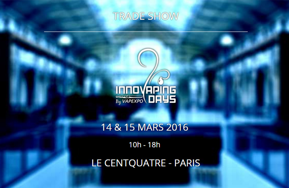 Innovaping-DaysAvec plus de 50 exposants et 100 marques présentes, la seconde édition du trade show « Innovaping Days by VapExpo » (voir Lmdt des 22 janvier)  affiche complet. Même si la participation semble en légère régression par rapport à 2015 (voir Lmdt du 10 mars 2015), du fait de la conjoncture ou de la concurrence d’une autre manifestation à des dates rapprochées (voir Lmdt du 2 février 2016 et 15 décembre 2015).
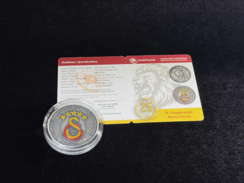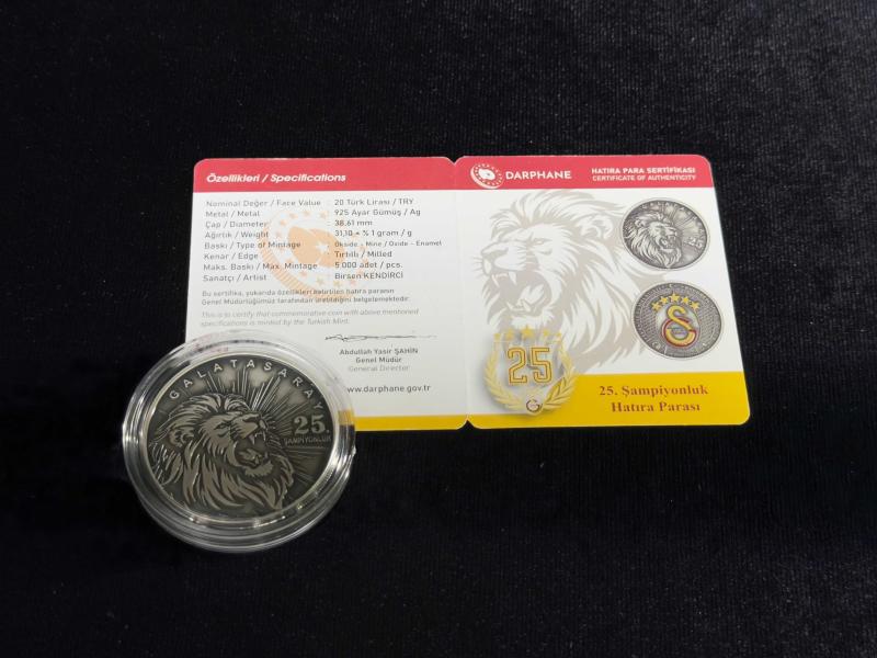 Galatasaray – 25. Şampiyonluk Özel Deri Kutulu Hatıra Para Gümüş/Okside Sikkesi (Darphane, 925 Ayar), 10 gün önce satışa sunulmuştur.
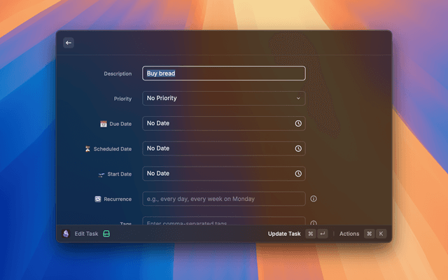 - π§ Full Obsidian Tasks Plugin Support: 100% compatible with the Obsidian Tasks Plugin format, including priorities, dates, and recurrence
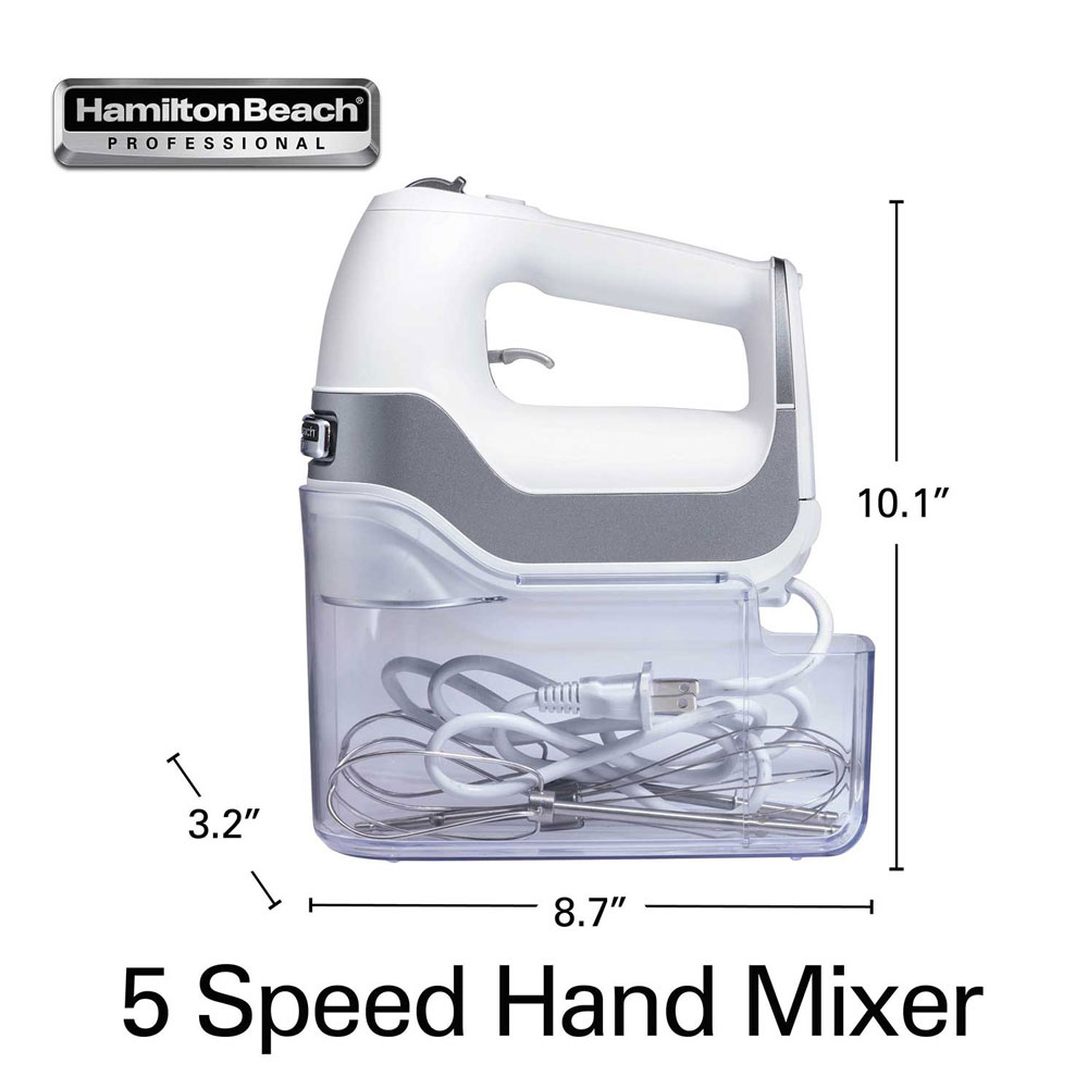 Whether it’s lighter-than-air whipped cream or chewy chocolate chip cookie dough, you can mix ingredients effortlessly with the Hamilton Beach Professional 5-Speed Hand Mixer. Lightweight and powerful, this mixer has a slow start that prevents splatters, no matter what you’re mixing. Push the QuickBurst button for an extra punch of power at any of the five levels. A lockable swivel cord, snap-on storage case and trigger-release makes mixing easy from start to finish.

***

== What you should do ==
In the data above, find the line containing "Galatasaray – 25." and the line containing "- π§ Full Obsidian". Copy exactly the stretch from the first through the second, both included, leaving out any picture.

== Response area ==
 Galatasaray – 25. Şampiyonluk Özel Deri Kutulu Hatıra Para Gümüş/Okside Sikkesi (Darphane, 925 Ayar), 10 gün önce satışa sunulmuştur.
 - π§ Full Obsidian Tasks Plugin Support: 100% compatible with the Obsidian Tasks Plugin format, including priorities, dates, and recurrence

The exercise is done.